After years of glaucoma surgery consisting of trabeculectomy, shunts and not much else, recently there has been an explosion in filtering procedures or adjuncts to make them better. OculusGen Biomedical, a company from Taiwan, hopes its adjunct, a small plug of material called ologen, can increase the efficacy of trabeculectomy without the need for antifibrotic agents like mitomycin-C. Here's a look at ologen and what benefits it might offer the glaucoma surgeon if it ever arrives in the United States.

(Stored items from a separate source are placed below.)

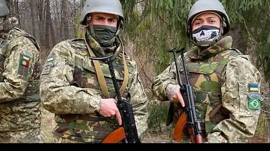 Em um dos primeiros registros nas redes sociais, o paulista André Kirvaitis e o pernambucano Leanderson Paulino, ambos de 27 anos e com residência fixa na Europa, posaram com farda militar, carregando fuzis, em uma área de mata na Ucrânia — o paradeiro é mantido sob sigilo para evitar que as forças russas descubram a localização.
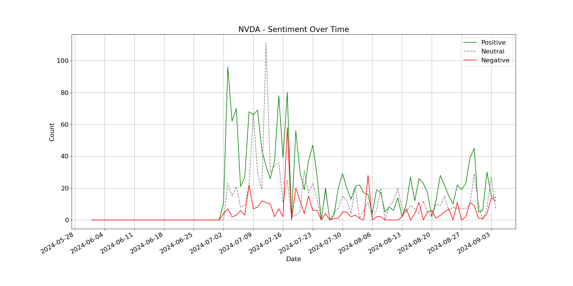 In contrast, the graph for NVIDIA illustrates a sustained increase in positive sentiment over an extended period, coinciding with the company's advancements in AI technology. This trend underscores the favorable media coverage that NVIDIA has received, bolstered by its pivotal role in driving AI innovations.
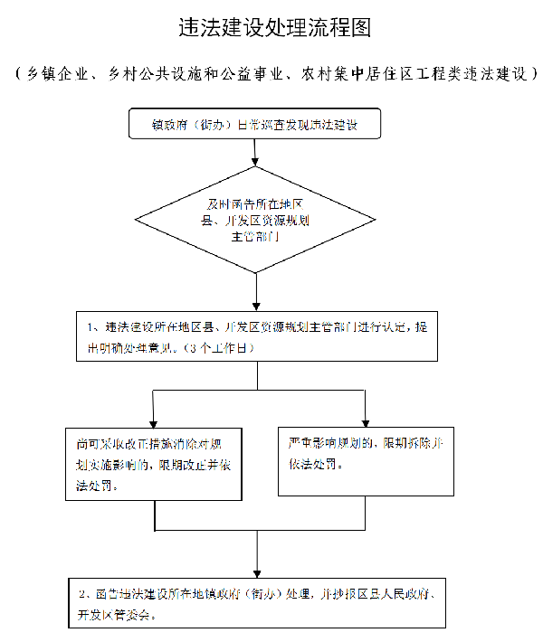 镇人民政府(街道办事处)在日常巡查中发现违法建设,应及时函告项目所在地相关行政主管部门,相关行政主管部门在3个工作日内按职责对违法建设进行认定并提出明确处理意见,及时函告违法建设所在地镇人民政府(街道办事处)处理,并抄报区县人民政府、开发区管委会。
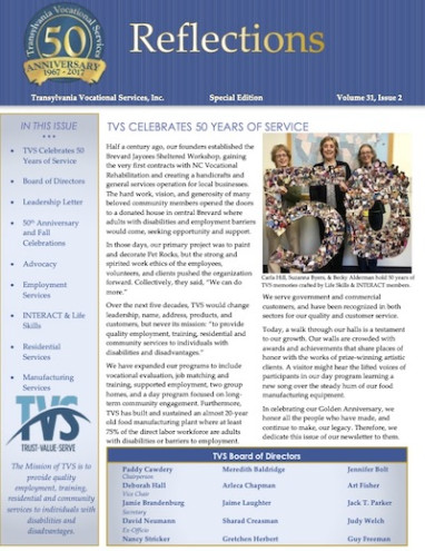 Celebrating 50 years of service This newsletter showcases a year of celebration including a company picnic, fun holiday cheer, and a move into grassroots advocacy as TVS hits a half century milestone. Inside the newsletter is full of new Programs and Services Team Leaders along with new Government…
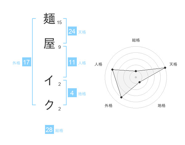 麺屋 イクさんを姓名の画数から五運を鑑定
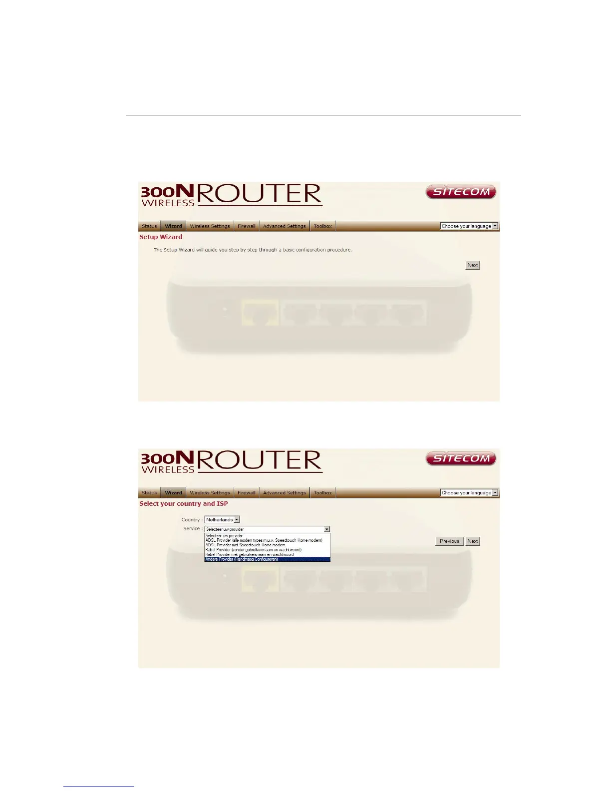 Select your country from the Country list. Select your internet provider. Click

Ologen itself is a matrix of collagen and chondroitin 6-sulfate that's 7 mm in diameter and 4 mm thick. It's 95-percent porous with pore sizes ranging from 20 to 200 µm. Robert Ritch, MD, chief of glaucoma at the New York Eye and Ear Infirmary, has worked on the initial papers using ologen in animal studies, reviewing the data and editing them. He is a consultant to OculusGen. "Ologen is designed to try to avoid the possible side effects of antifibrotic use such as hypotony and infection," he says. "After the trabeculectomy is completed, the surgeon puts the ologen on top of the scleral flap before the conjunctiva is closed. The thousands of pores in the ologen are designed to let fibroblasts grow in diffusely rather than coming in en masse and forming a scar that might lead to bleb failure. Instead it gives you a spongy, net-like bleb. The material then biodegrades over 30 to 60 days. At the end of that time, once the ologen is degraded enough, what you're left with is a fibroblast bleb."


In a multicenter, prospective study, 59 patients with refractory glaucoma underwent trabeculectomy with the use of adjunctive ologen in one eye. Preoperatively, the average intraocular pressure was 38.7 ±7.5 mmHg, and patients were on an average of 2.1 ±0.9 glaucoma medications. At nine months postop, the average IOP was 16.1 ±3.2 mmHg, a 58.3-percent reduction (p<0.05), and necessary medications had decreased to 0.3 ±0.2. There were no significant intraoperative or postoperative complications. (Chen HS, et al. IOVS 2007;48:ARVO E-Abstract 826)


Rimvydis Asoklis, MD, PhD, director of the Vilnius University Hospital Eye Center in Vilnius, Lithuania, has been working with ologen for several months, implanting it in four patients. "In two of the eyes it was used with repeat surgeries and in the other two it was used for primary procedures," he says. "Since it's only been a short follow-up, the results still look good. However, a longer period is necessary to evaluate glaucoma procedures. The material itself was easy to work with, and there were no complications during or after surgery."


"As soon as we get the FDA's approval in the U.S., we're going to do a prospective, controlled trial comparing ologen with trabeculectomy with mitomycin," says Dr. Ritch.